What to produce:
Apart from the pictures, print the data below exactly as given.

Stored data:
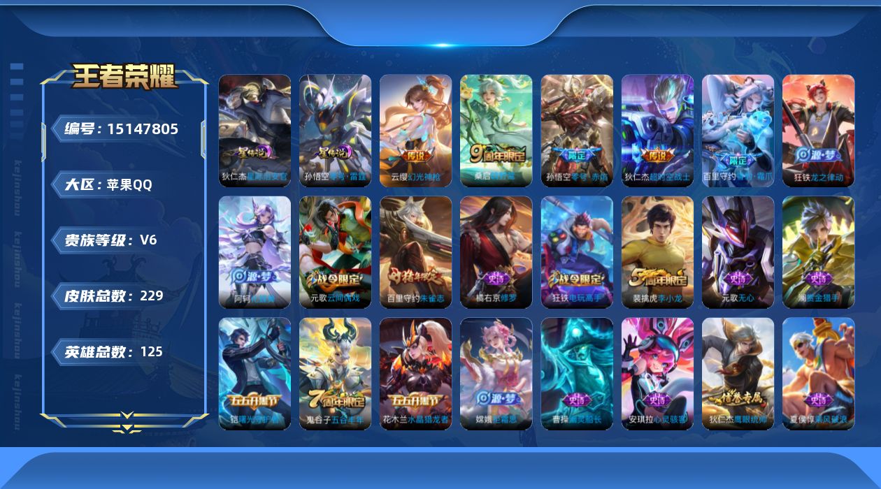- [11624828]V9 1典藏 34传说 125英雄 344皮肤 可修改实名 优质装备:全息碎影(猴子典藏),黄金狮子座,黄金射手座,云鹰飞将(小将军),黄金白羊座,炽阳神光,一念神魔,仲夏夜之梦(大飞蛾),飞鸢探春,音你心动-周瑜,李逍遥,乞巧织情,时之恋人-刘备(电焊工),游龙清影(小青龙),淬星耀世,末日机甲-孙策,无双飞将,鲁班七号-时之奇旅,大乔-时之奇旅,澜逐花归海,琥珀纪元铠,琥珀纪元马超,金乌负日,黄金天蝎座 传说皮:乘龙·问璇玑(孙尚香年限),乘龙·铭钟鼎(赵云年限),乘龙·淬吴钩(孙策年限),典韦战鼓燎原,落雪白狼,铠冥王哈迪斯 珍宝阁皮:胡桃夹子,蔷薇恋人 限定皮:傲雪梅枪,白晶晶,时雨天司(水龙头),至美·乘鲤谣,至美·化雀舞,影龙天霄,遇见飞天,匿光决锋者,五谷丰年,辉光之辰,孙行者,大圣娶亲,玉兔公主,无尽星芒,山海·玄木吟(马可年限) 史诗皮:化蝶舞,灵蛊蚀心,怒海争锋,埋骨钱,芈月浮光幕影,琥珀纪元伽罗,决胜骁骑,上官婉儿群星魔术团,奇遇星旅,蔬乡物语(鲁班七号),曹操夜都魔契,超元猎域,乘龙·聚宝船(安琪拉年限),乘龙·忆丹青(大乔年限),百相守梦-黄忠,遇见神鹿,紫霞仙子,黄金分割率,特工魅影,千年之狐,永昼,江河有灵,匿光侦查者,鹤归松栖(赵怀真),真我赫兹(百里守约),魅语,百解令(蒙犽),高渐离燃音魔法,无限星赏官,青蛇,偶像歌手,晚萤,电玩·爆裂旋风,龙骑士(小龙虾),末日机甲-吕布,猫狗日记-孙策,猫狗日记-大乔,时之恋人-孙尚香,乱世虎臣,修罗,女仆咖啡,摇滚巨星,水果甜心,绅士熊喵,天才门将,星夜王子,心灵骇客,功夫厨神,德古拉伯爵,暗隐猎兽者,幽灵船长,鬼剑武藏,暗渊魔法,心灵战警,乐园奇幻夜,舞动绿茵,纤云弄巧,拒霜思,缤纷独角兽,乘风破浪,逐浪之夏,水晶猎龙者,曙光守护者,箭羽风息,金属风暴,圣诞狂欢,圣诞恋歌,鹰眼统帅,暗夜贵公子,魅力维加斯,赏金猎手,奇遇舞章,天秀·音浪,千筹问战,顽趣-阿古朵,无心,未来纪元-赵云
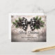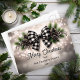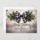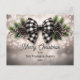 Elegant nostalgic watercolor black and white gingham check beribboned pine and berries holiday bough on bokeh snow background "Merry Christmas" non-photo greeting design with coordinating back design.
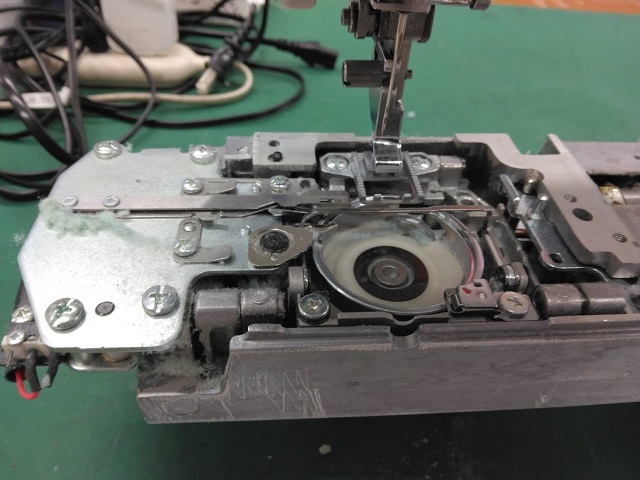 釜周辺の各機構にある埃がミシンの動きを悪くして異音の原因になっておりました。

Response:
- [11624828]V9 1典藏 34传说 125英雄 344皮肤 可修改实名 优质装备:全息碎影(猴子典藏),黄金狮子座,黄金射手座,云鹰飞将(小将军),黄金白羊座,炽阳神光,一念神魔,仲夏夜之梦(大飞蛾),飞鸢探春,音你心动-周瑜,李逍遥,乞巧织情,时之恋人-刘备(电焊工),游龙清影(小青龙),淬星耀世,末日机甲-孙策,无双飞将,鲁班七号-时之奇旅,大乔-时之奇旅,澜逐花归海,琥珀纪元铠,琥珀纪元马超,金乌负日,黄金天蝎座 传说皮:乘龙·问璇玑(孙尚香年限),乘龙·铭钟鼎(赵云年限),乘龙·淬吴钩(孙策年限),典韦战鼓燎原,落雪白狼,铠冥王哈迪斯 珍宝阁皮:胡桃夹子,蔷薇恋人 限定皮:傲雪梅枪,白晶晶,时雨天司(水龙头),至美·乘鲤谣,至美·化雀舞,影龙天霄,遇见飞天,匿光决锋者,五谷丰年,辉光之辰,孙行者,大圣娶亲,玉兔公主,无尽星芒,山海·玄木吟(马可年限) 史诗皮:化蝶舞,灵蛊蚀心,怒海争锋,埋骨钱,芈月浮光幕影,琥珀纪元伽罗,决胜骁骑,上官婉儿群星魔术团,奇遇星旅,蔬乡物语(鲁班七号),曹操夜都魔契,超元猎域,乘龙·聚宝船(安琪拉年限),乘龙·忆丹青(大乔年限),百相守梦-黄忠,遇见神鹿,紫霞仙子,黄金分割率,特工魅影,千年之狐,永昼,江河有灵,匿光侦查者,鹤归松栖(赵怀真),真我赫兹(百里守约),魅语,百解令(蒙犽),高渐离燃音魔法,无限星赏官,青蛇,偶像歌手,晚萤,电玩·爆裂旋风,龙骑士(小龙虾),末日机甲-吕布,猫狗日记-孙策,猫狗日记-大乔,时之恋人-孙尚香,乱世虎臣,修罗,女仆咖啡,摇滚巨星,水果甜心,绅士熊喵,天才门将,星夜王子,心灵骇客,功夫厨神,德古拉伯爵,暗隐猎兽者,幽灵船长,鬼剑武藏,暗渊魔法,心灵战警,乐园奇幻夜,舞动绿茵,纤云弄巧,拒霜思,缤纷独角兽,乘风破浪,逐浪之夏,水晶猎龙者,曙光守护者,箭羽风息,金属风暴,圣诞狂欢,圣诞恋歌,鹰眼统帅,暗夜贵公子,魅力维加斯,赏金猎手,奇遇舞章,天秀·音浪,千筹问战,顽趣-阿古朵,无心,未来纪元-赵云
 Elegant nostalgic watercolor black and white gingham check beribboned pine and berries holiday bough on bokeh snow background "Merry Christmas" non-photo greeting design with coordinating back design.
 釜周辺の各機構にある埃がミシンの動きを悪くして異音の原因になっておりました。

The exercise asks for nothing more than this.